The Battle of Požarevac (Serbian Cyrillic: Битка код Пожаревца, Bitka kod Požarevca) took place during the Second Serbian Uprising between the Serbian Revolutionaries and Ottoman forces at Požarevac, Sanjak of Smederevo from 1 July to 7 July 1815. It ended with the Serbian victory.

==Battle==
After the liberation of Čačak, Serb revolutionary and commander Miloš Obrenović set out with a large army of 12,000 insurgents to liberate Požarevac. Miloš was informed that a large army was gathering around Požarevac and that the Ottoman Turks were being assisted by the delibaša of Vidin's vizier along with 1900 deli troops, who had made six trenches and had one cannon. On the way to Požarevac in Batočina, Miloš found a trench with 2000 Arnauts. There, the insurgents fought with the Arnauts, but the Arnauts surrendered after three days. Then, after this victory, the insurgents crossed the Morava and headed towards Požarevac.

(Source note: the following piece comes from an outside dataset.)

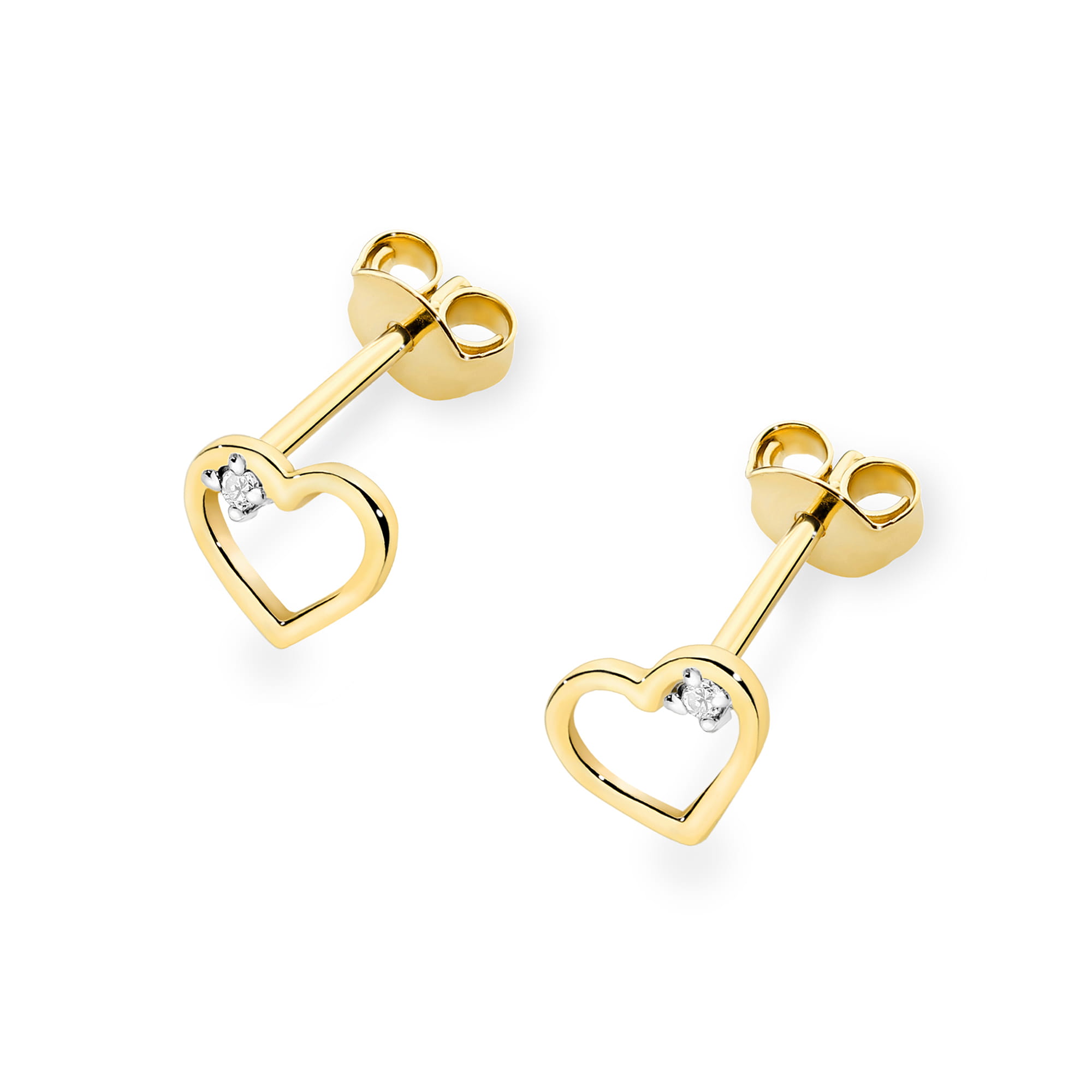 Kolczyki Złote pr 585 Serca z Brylantami 0.01 ct

On the way to Požarevac, Miloš and the insurgents ran into the deli troops. The Serbs immediately started fighting the delis, but at one point they hesitated, seeing how fiercely the delis fought. Miloš then launched an attack on the delis on his personal initiative. He rushed on horseback towards Asan-delibaša, addressing him with the words: "Delibasha, you may have a place on the other side, but I really have no place other than here, dead or alive." The insurgents then defeated the delis who retreated to the trenches. On the first day, the Serbs took the first trench with a charge, then in the next two days the next two trenches, while the Turks fled the large trench with the cannon and two small trenches next to the church and the mosque. Miloš then sent his scribe with a proposal that the Turks surrender and leave the pocket and the cannon, and that he would get a safe passage to Turkey. During the battle, Jovan Vukomanović, the brother-in-law of Prince Miloš and the brother of Princess Ljubica, was killed.

==Legacy==
- The battle was screened in the Serbian TV series Vuk Karadžić. The series shows the battle between Serbian Revolutionary infantrymen and cavalrymen and the Ottoman Turks, and the scene in which Miloš Obrenović on horseback attacks Asan-delibaša with his famous words.
- Anastas Jovanović made a lithograph, "Prince Miloš in Battle", in which Prince Miloš is shown with the insurgents fighting against the Ottoman Turks on horseback. The lithograph, together with the lithograph "Karađorđe in color", was published in the monograph of Anastas Jovanović in the residence of Princess Ljubica.
- Princess Ljubica planted two apple trees at the spot where her brother Jovan Vukomanović died on the battlefield.
- The epic Serbian folk song Boj na Požarevcu was written in honour of the Serbian victory.